Directions ▸ The range runs from the line containing "gaben mehr als" through the last line of the material below; retype it exactly, leaving out the pictures.

Recorded information ▸
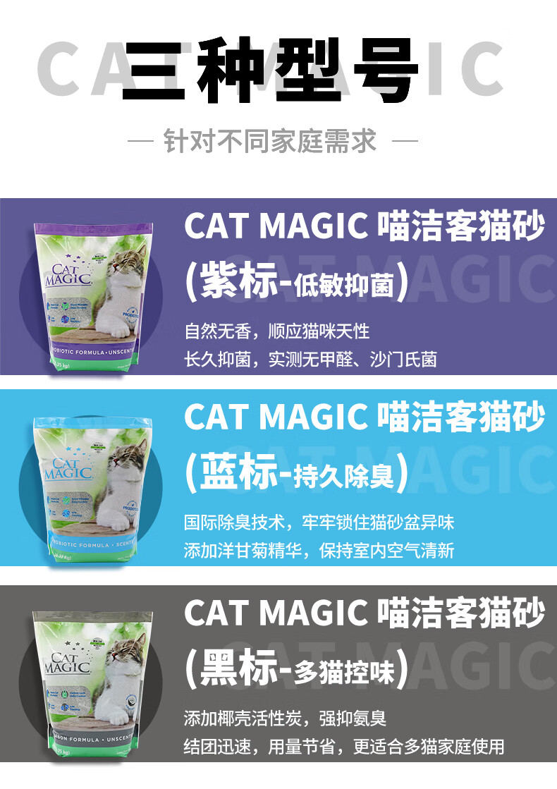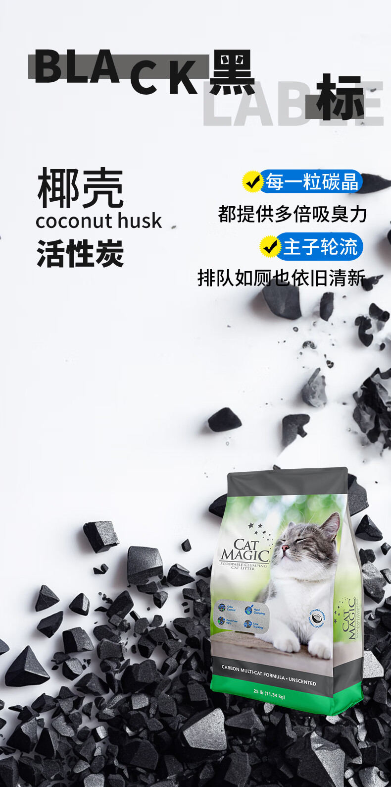 喵洁客(CAT MAGIC)猫砂美国原装进口矿砂钠基矿石抗菌去氨膨润土活性炭黑标42磅
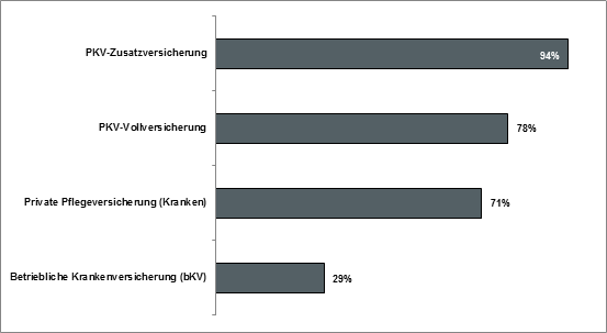 gaben mehr als 90 Prozent aller Berater an, dass Sie Zusatzversicherungen vermitteln. Dieser Versicherungszweig besitzt laut Umfrageergebnisse auch das höchste Absatzpotenzial gefolgt von der Pflegeversicherung und der PKV-Vollversicherung. Zur betrieblichen Krankenversicherung (bKV) hingegen wird nur von wenigen Maklern (29 %) beraten. Auch das Absatzpotenzial der bKV wird eher gering eingeschätzt.
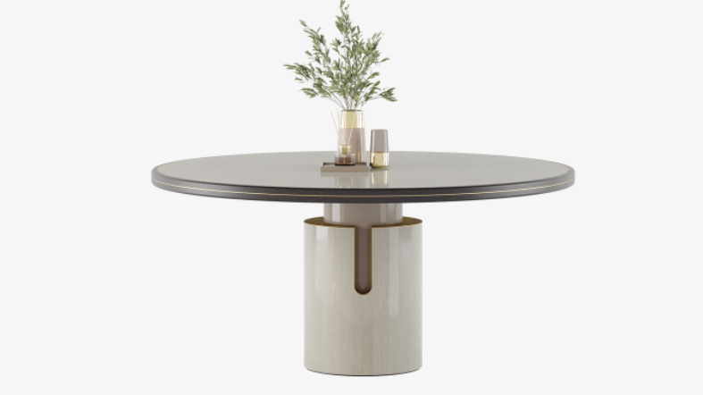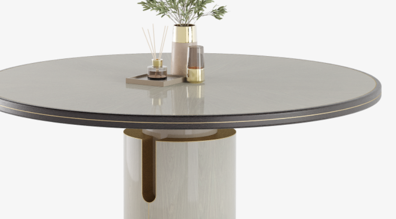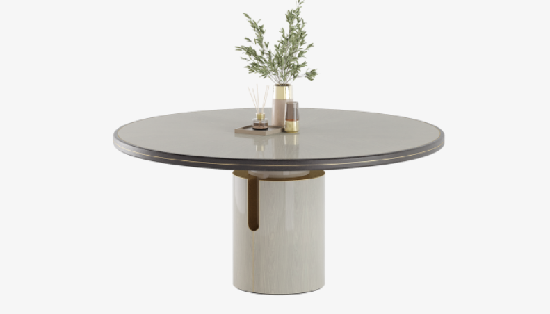 Add instant warmth and intimacy to your kitchen or dining room with the PASADENA dining table. Its round tabletop and cylindrical base are immediately inviting, while an enduring mix of wood veneers and brushed brass details will wear beautifully with time and use.

Task output ▸
 gaben mehr als 90 Prozent aller Berater an, dass Sie Zusatzversicherungen vermitteln. Dieser Versicherungszweig besitzt laut Umfrageergebnisse auch das höchste Absatzpotenzial gefolgt von der Pflegeversicherung und der PKV-Vollversicherung. Zur betrieblichen Krankenversicherung (bKV) hingegen wird nur von wenigen Maklern (29 %) beraten. Auch das Absatzpotenzial der bKV wird eher gering eingeschätzt.
 Add instant warmth and intimacy to your kitchen or dining room with the PASADENA dining table. Its round tabletop and cylindrical base are immediately inviting, while an enduring mix of wood veneers and brushed brass details will wear beautifully with time and use.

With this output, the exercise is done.